# GTA: Guided Transfer of Spatial Attention from Self-supervised Models

Pytorch Implementation of GTA: Guided Transfer of Spatial Attention from Self-supervised Models 

* For code anonymization, we removed all the author names, instiution names, licenses and the urls.  
* After the process finished, we will upload non-anonymized version.  

# Abstract  
Recently, self-supervised learning has enabled the pre-training of vision transformers (ViT) using vast amounts of unlabeled data to obtain rich representations. Using well-trained representations in transfer learning can lead to better performance and faster convergence compared to training from scratch. However, even if such good representations are transferred, a model can easily overfit the limited training dataset and lose the characteristics of the transferred representations. This phenomenon is more severe in ViT, which has low inductive bias. Through experimental analysis using attention maps in ViT, we observe that the rich representations deteriorate when trained on a small dataset.

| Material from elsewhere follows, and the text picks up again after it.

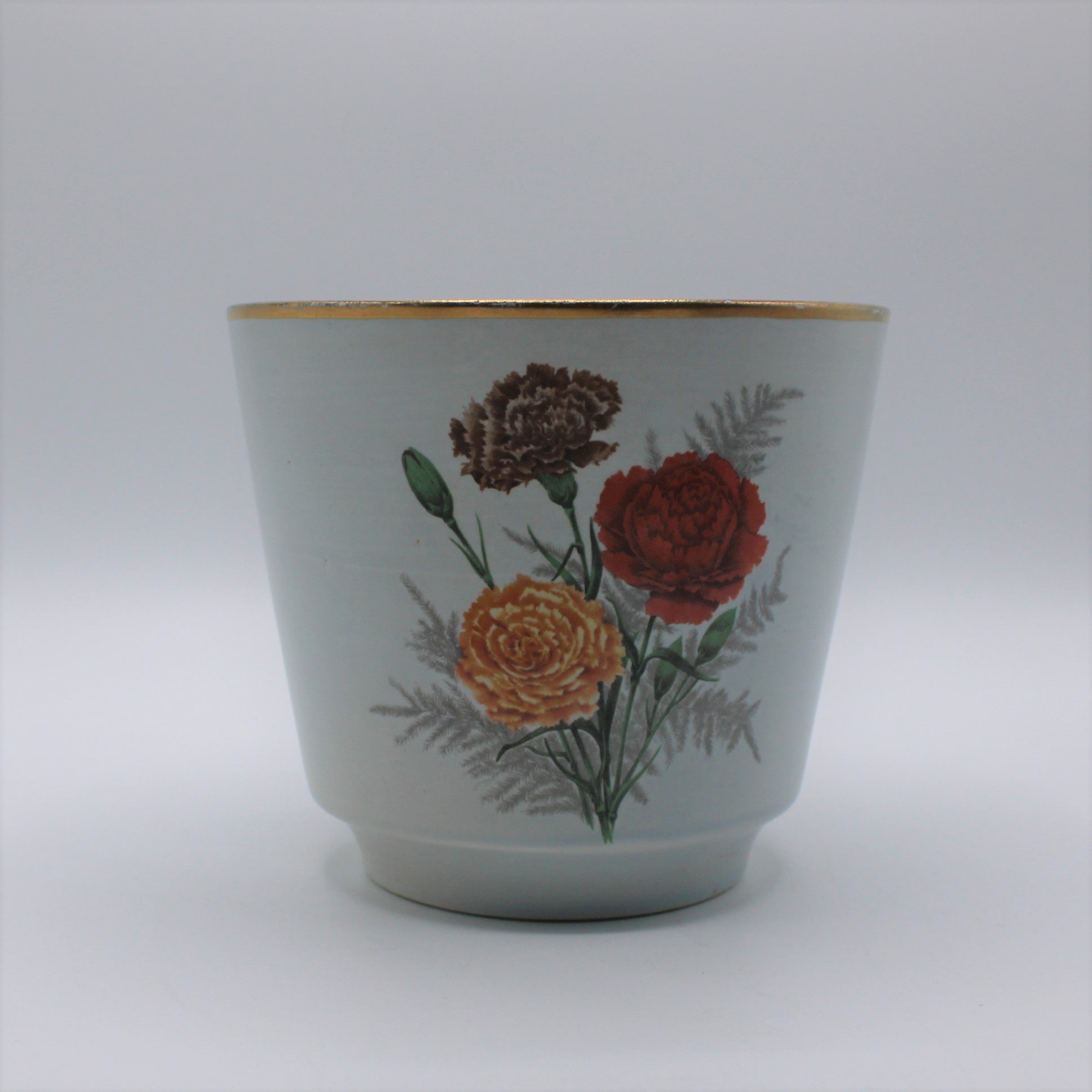 Vintage retro bloempot met anjermotief Vintage staat Gouden rand aan bovenzijde Afmeting: h 13,5 doorsnede 15,5 cm

Motivated by this finding, we propose a novel and simple regularization method for ViT called guided transfer of spatial attention (GTA). Our proposed method regularizes the self-attention maps between source and target models. Through this explicit regularization, a target model can fully exploit the knowledge related to object localization properties. Our experimental results show that the proposed GTA consistently improves the accuracy across five benchmark datasets especially when the number of training data is small. As far as we know, there has been no previous study to improve transfer learning performance, specifically considering the ViT architecture.   

# Method  
![Method](./sub/method_figure.png)
 
# Installation  

```
conda create -n gta python=3.8
source activate gta
conda install pytorch==1.12.1 torchvision==0.13.1 torchaudio==0.12.1 cudatoolkit=11.3 -c pytorch
pip install -r requirements.txt
```

# Preparation
### Datasets  
We will upload the urls to download datasets later.   
You should download datasets under the "data" folder.   
| Dataset | links |
| --- | --- |
| CUB200 | |
| StanfordDogs | |
| StanfordCars | |
| FGVC Aircraft | |
| OxfordIIITPets | |

# How to run
1. Download SSL weights (example with iBOT)  
We will upload the urls to download weights later.  
```
# 1.1) Download the weights and rename them
    # Example iBOT small
wget {iBOT pretrained weights url}
mv checkpoint_teacher.pth ibot_small.pth
```

2. Make bash for Experiments  
We make bash file to run experiments for convenience.   
With this bash, you can run baseline experiments and Guide experiments with different lambda.  
If you want to test with other options, such as l2sp, attn_only, bss, you can add the parser --l2sp, --attn_only, --bss in the baseline.  
```
# 2) Make Bash  
    # bash _make_scripts.sh -d {dataset you want to train} -g {Multiple GPUs e.g 0,1} -p {master port for multi nodes}
    # example
bash _make_scripts.sh -d StanfordCars -g 0,1 -p 20010
```

3. Run    
```
# 3) Run Experiments
    # run bashes made from 2
    # example ibot_small_~.sh
bash ibot_small_StanfordCars_1222.sh
```

4. Check the results  
```
# 4) Check the results with mlflow
    # check localhost with port 5000
    # you can watch the results while training
mlflow server
```

5. Visualization   
```
# 5) Visualize the attention heads
    # When you completed training, there are saved_model with a specific path.
    # You can visualize the attention heads of ViT with the path
    # python visualize_head.py --path {the specific path from mlflow}  
python visualize_head.py --path {the specific path from mlflow}
```

# Reproduce
above the code example, you can reproduce the StanfordCars baseline performance 55.33% for valid top1 with 1222 seed.  
you can reproduce the results presented in our paper with this code.